Correlation of antibody titers by ELISA and TNA. A scatter plot of individual serum anti-SEB ELISA IgG titers (x axis) versus the SEB toxin-neutralizing antibody titer (y axis) is shown. (A) Representative results for all subjects and time points (n = 174; r = 0.94, 95% CI, 0.92 to 0.95); (B) representative results for all subjects at the baseline and at the times of the postvaccination peaks (n = 27; r = 0.71, 95% CI, 0.44 to 0.86).

DISCUSSION

The clinical syndromes which might be precipitated by a Staphylococcus aureus infection and exposure to SAgs can range from acute food poisoning (17, 18) to highly lethal toxic shock syndrome (menstruation associated [19, 20] and nonmenstruation associated [21, 22]). A role for staphylococcal SAgs has also been implicated in the pathogenesis of atopic dermatitis (23) and psoriasis (24). Furthermore, staphylococcal enterotoxin B (SEB) is a category B select agent because of the recognition that ingestion of a product created by the intentional aerosolization of minute amounts of SEB can result in marked incapacitation and death (14, 25).

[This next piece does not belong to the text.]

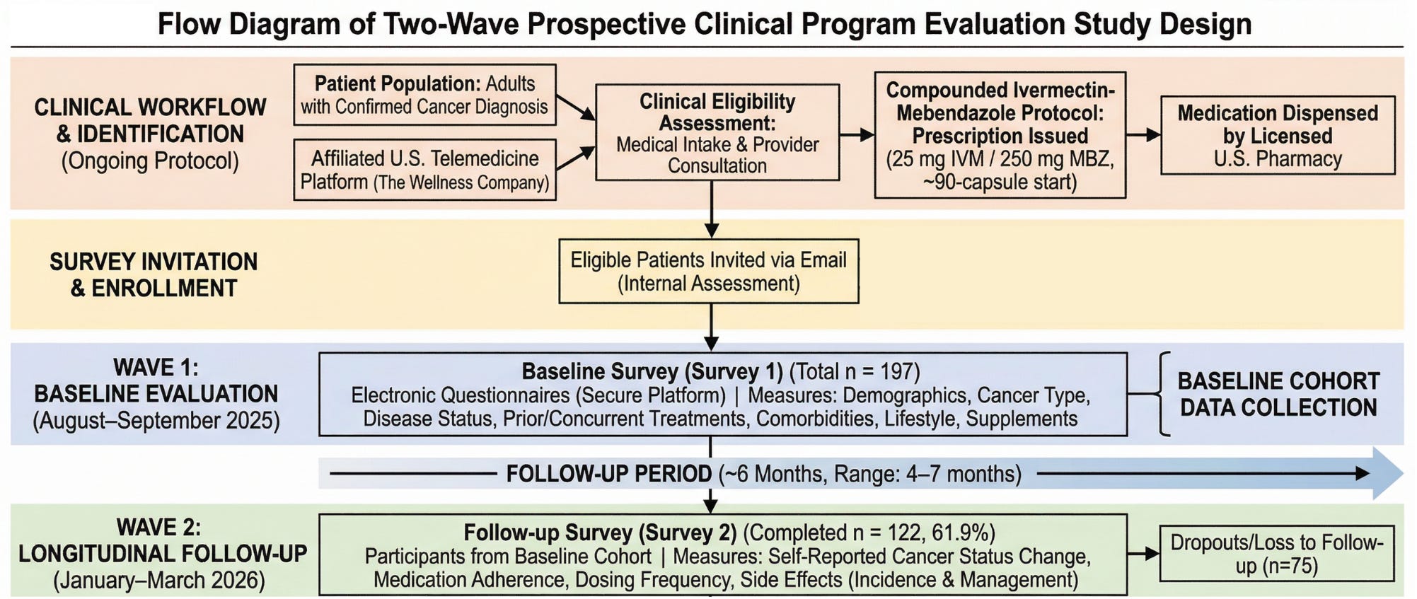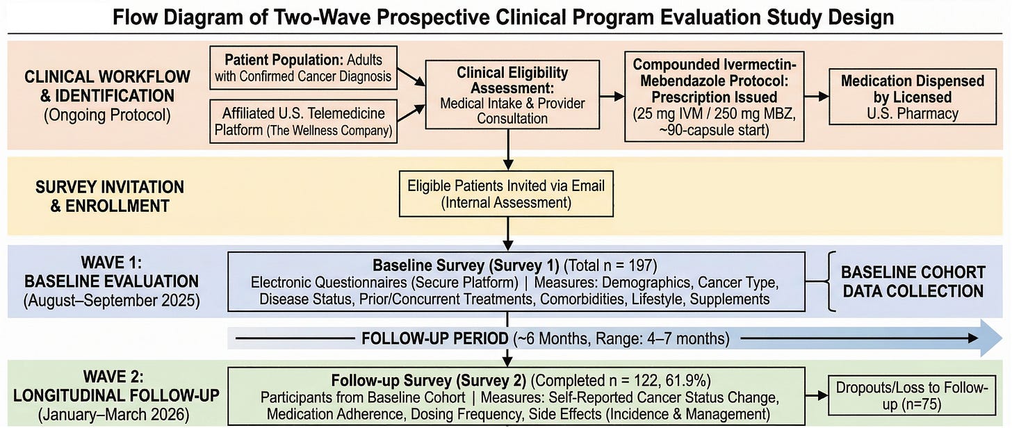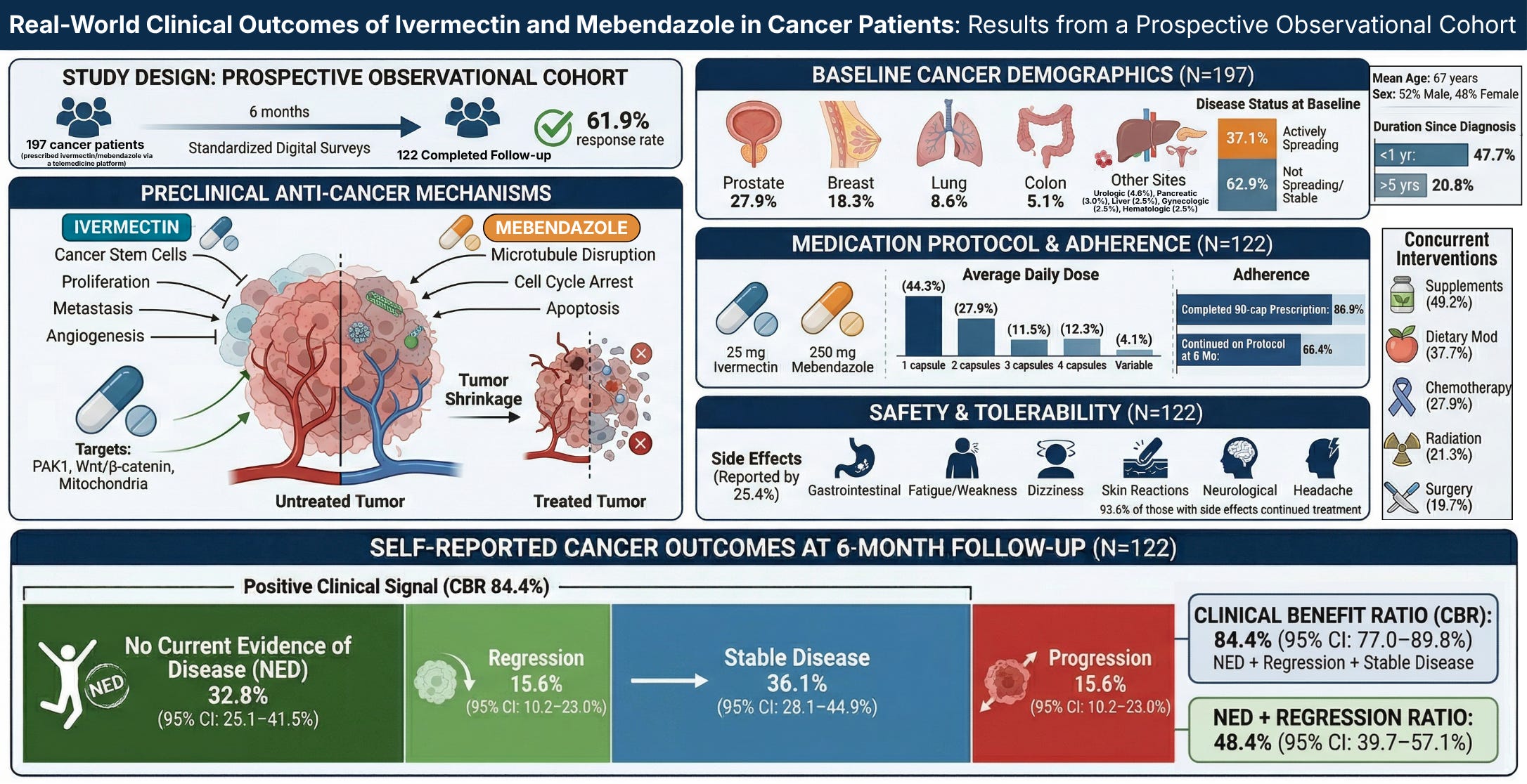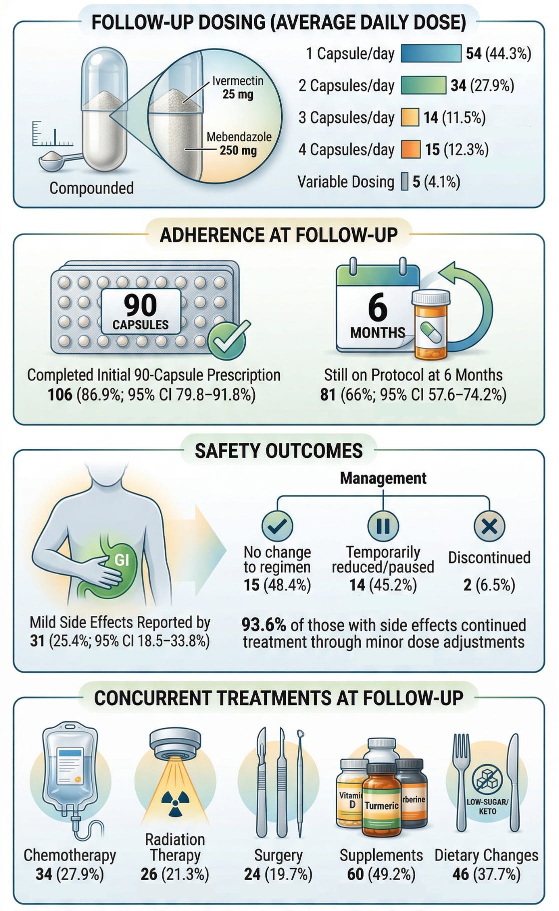 We analyzed a prospective observational cohort of 197 cancer patients, with 122 completing structured follow-up at approximately six months (61.9% response rate). Patients were prescribed a compounded ivermectin–mebendazole protocol by licensed U.S. providers, and outcomes were collected through standardized digital surveys assessing cancer status, adherence, and safety.

This is the first-in-human evaluation of a vaccine based on a recombinantly expressed, genetically modified SEB protein, STEBVax. Due to concerns for wide-scale T-cell activation and an overwhelming cytokine storm, as was seen with the infusion of a CD28 superagonist (26), we carefully selected the starting dose (0.01 μg) to be near the lower end of the known biologically relevant dose (equivalent) of wild-type SEB (0.0004 μg/kg and >1,000 times lower than the final target dose of 20 μg). Despite this potential for toxicity, an overall lack of reactogenicity, laboratory abnormalities, and unsolicited adverse events was recorded. There was no trend for a dose-response relationship with any reactogenicity symptom or sign; no serious adverse events associated with vaccination were observed; and all other AEs were of mild or moderate severity, were of short duration, and self-resolved. Therefore, we appear to confirm the elimination of the superantigenic toxicity of STEBVax through the three site-directed mutations incorporated in the MHC-II binding site of rSEB.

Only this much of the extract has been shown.